"Kebijakan untuk menaikkan tarif untuk beberapa barang mewah bisa diperluas sesuai definisi yang dikeluarkan oleh pemerintah kelak. Jika ingin menerapkan pajak untuk barang mewah, kenapa tidak melalui PPnBM," kata dia.
Poin kedua yang menjadi perhatian Huda adalah adanya dampak negatif dari kenaikan tarif PPN terhadap pertumbuhan konsumsi rumah tangga. Menurutnya, kenaikan tarif PPN berpotensi menimbulkan perlambatan pertumbuhan konsumsi rumah tangga.

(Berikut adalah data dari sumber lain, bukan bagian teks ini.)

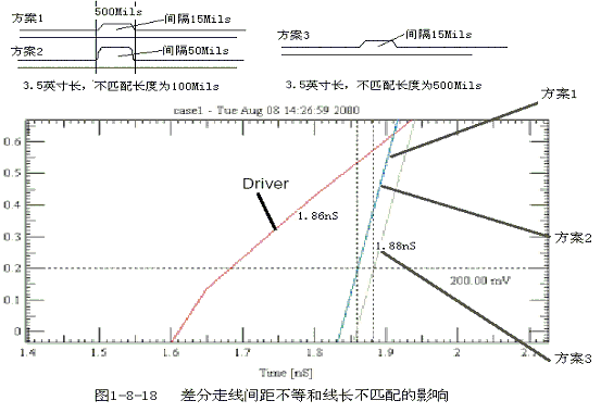 從 上面的仿真結(jié)果看來,方案1和方案2波形幾乎是重合的,也就是說,間距不等造成的影響是微乎其微的,相比較而言,線長不匹配對時序的影響要大得多(方案 3)。再從理論分析來看,間距不一致雖然會導(dǎo)致差分阻抗發(fā)生變化,但因為差分對之間的耦合本身就不顯著,所以阻抗變化范圍也是很小的,通常在10%以內(nèi), 只相當(dāng)于一個過孔造成的反射,這對信號傳輸不會造成明顯的影響。而線長一旦不匹配,除了時序上會發(fā)生偏移,還給差分信號中引入了共模的成分,降低信號的質(zhì) 量,增加了EMI。

"Ketika tarif PPN di angka 10 persen, pertumbuhan konsumsi rumah tangga berada di angka 5 persen. Setelah tarif meningkat menjadi 11 persen terjadi perlambatan dari 4,9 persen (2022) menjadi 4,8 persen (2023). Diprediksi tahun 2024 semakin melambat," ujarnya
Di sisi lain, stimulus yang diberikan pemerintah disebut Huda juga sebenarnya hanya melanjutkan saja dengan yang sudah pernah diberikan. Beberapa menghasilkan dampak kepada perekonomian, namun tidak mempunyai efek berganda (multiplier effect) kepada penyerapan tenaga kerja formal.